──────── MATERIAL SHOWN

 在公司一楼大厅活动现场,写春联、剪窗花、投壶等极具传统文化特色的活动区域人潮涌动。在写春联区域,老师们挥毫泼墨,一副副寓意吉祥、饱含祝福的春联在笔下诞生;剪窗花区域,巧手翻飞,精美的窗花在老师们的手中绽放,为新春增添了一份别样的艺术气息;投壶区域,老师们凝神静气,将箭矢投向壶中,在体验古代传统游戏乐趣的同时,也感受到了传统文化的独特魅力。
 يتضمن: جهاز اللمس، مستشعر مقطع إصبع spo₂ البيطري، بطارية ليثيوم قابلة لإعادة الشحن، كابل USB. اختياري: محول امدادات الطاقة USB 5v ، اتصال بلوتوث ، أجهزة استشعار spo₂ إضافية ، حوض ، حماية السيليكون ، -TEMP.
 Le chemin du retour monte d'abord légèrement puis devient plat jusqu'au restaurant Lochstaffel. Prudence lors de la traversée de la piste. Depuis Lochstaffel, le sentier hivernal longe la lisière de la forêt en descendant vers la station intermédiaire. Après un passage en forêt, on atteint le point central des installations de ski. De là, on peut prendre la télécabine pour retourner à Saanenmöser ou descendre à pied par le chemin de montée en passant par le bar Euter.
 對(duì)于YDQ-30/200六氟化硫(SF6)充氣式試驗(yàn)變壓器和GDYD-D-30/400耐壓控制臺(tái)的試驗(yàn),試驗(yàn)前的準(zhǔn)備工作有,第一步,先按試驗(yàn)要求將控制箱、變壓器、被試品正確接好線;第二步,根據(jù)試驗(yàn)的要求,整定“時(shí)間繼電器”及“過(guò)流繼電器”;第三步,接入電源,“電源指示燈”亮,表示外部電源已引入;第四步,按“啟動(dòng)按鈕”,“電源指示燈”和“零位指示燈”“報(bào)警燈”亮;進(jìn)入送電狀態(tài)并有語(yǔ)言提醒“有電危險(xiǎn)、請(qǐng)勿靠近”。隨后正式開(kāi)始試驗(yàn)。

────────────────
──────── MATERIAL SHOWN

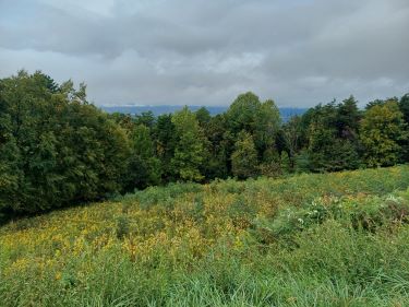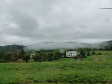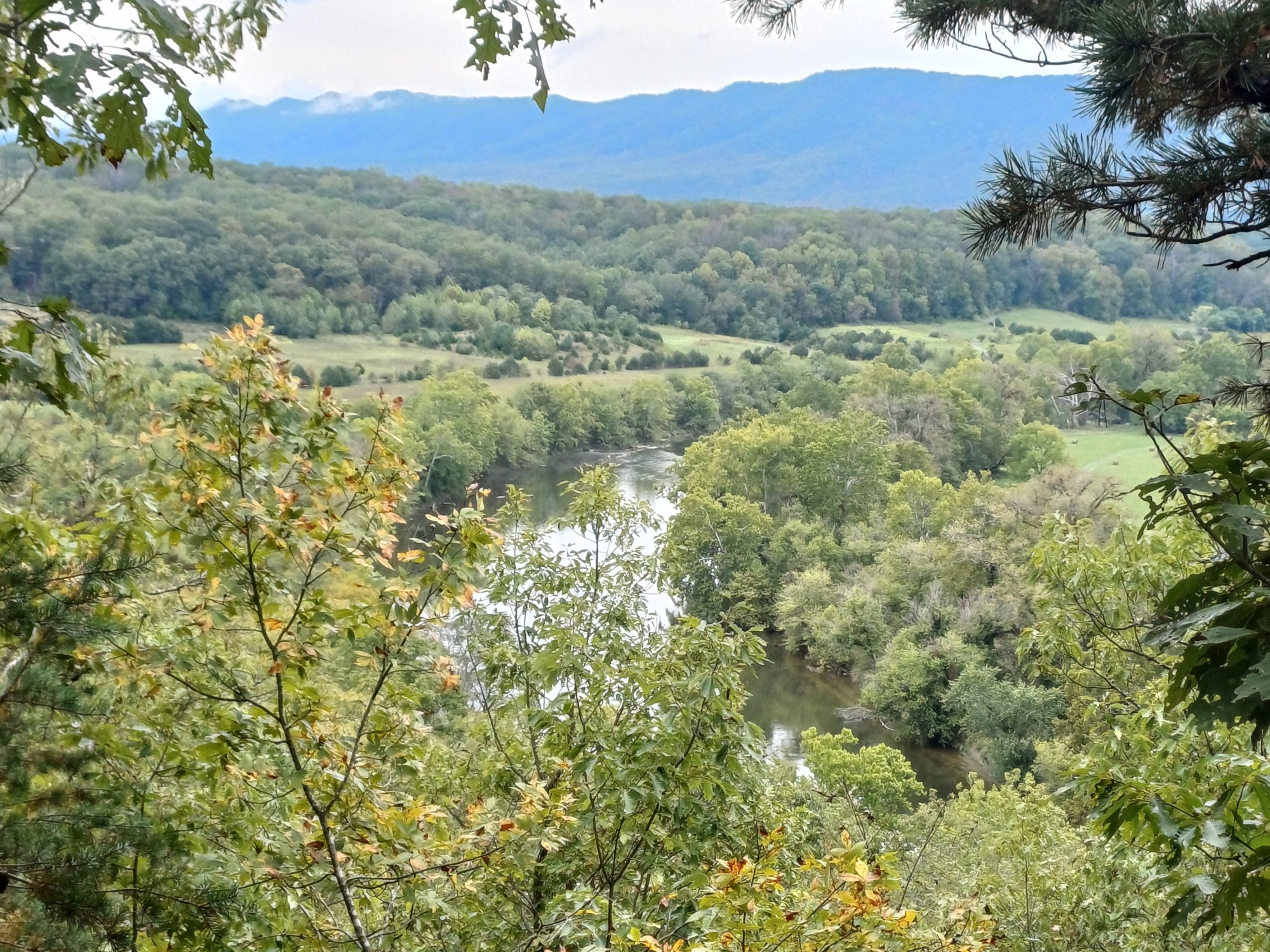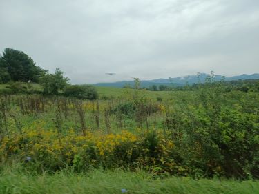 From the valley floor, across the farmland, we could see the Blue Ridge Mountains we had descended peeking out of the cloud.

────────────────

**PROBLEM**
Taking the material above, extract exactly and only the lines from the line with "Le chemin du" to the line with "對(duì)于YDQ-30/", inclusive of both.

**SOLUTION**
 Le chemin du retour monte d'abord légèrement puis devient plat jusqu'au restaurant Lochstaffel. Prudence lors de la traversée de la piste. Depuis Lochstaffel, le sentier hivernal longe la lisière de la forêt en descendant vers la station intermédiaire. Après un passage en forêt, on atteint le point central des installations de ski. De là, on peut prendre la télécabine pour retourner à Saanenmöser ou descendre à pied par le chemin de montée en passant par le bar Euter.
 對(duì)于YDQ-30/200六氟化硫(SF6)充氣式試驗(yàn)變壓器和GDYD-D-30/400耐壓控制臺(tái)的試驗(yàn),試驗(yàn)前的準(zhǔn)備工作有,第一步,先按試驗(yàn)要求將控制箱、變壓器、被試品正確接好線;第二步,根據(jù)試驗(yàn)的要求,整定“時(shí)間繼電器”及“過(guò)流繼電器”;第三步,接入電源,“電源指示燈”亮,表示外部電源已引入;第四步,按“啟動(dòng)按鈕”,“電源指示燈”和“零位指示燈”“報(bào)警燈”亮;進(jìn)入送電狀態(tài)并有語(yǔ)言提醒“有電危險(xiǎn)、請(qǐng)勿靠近”。隨后正式開(kāi)始試驗(yàn)。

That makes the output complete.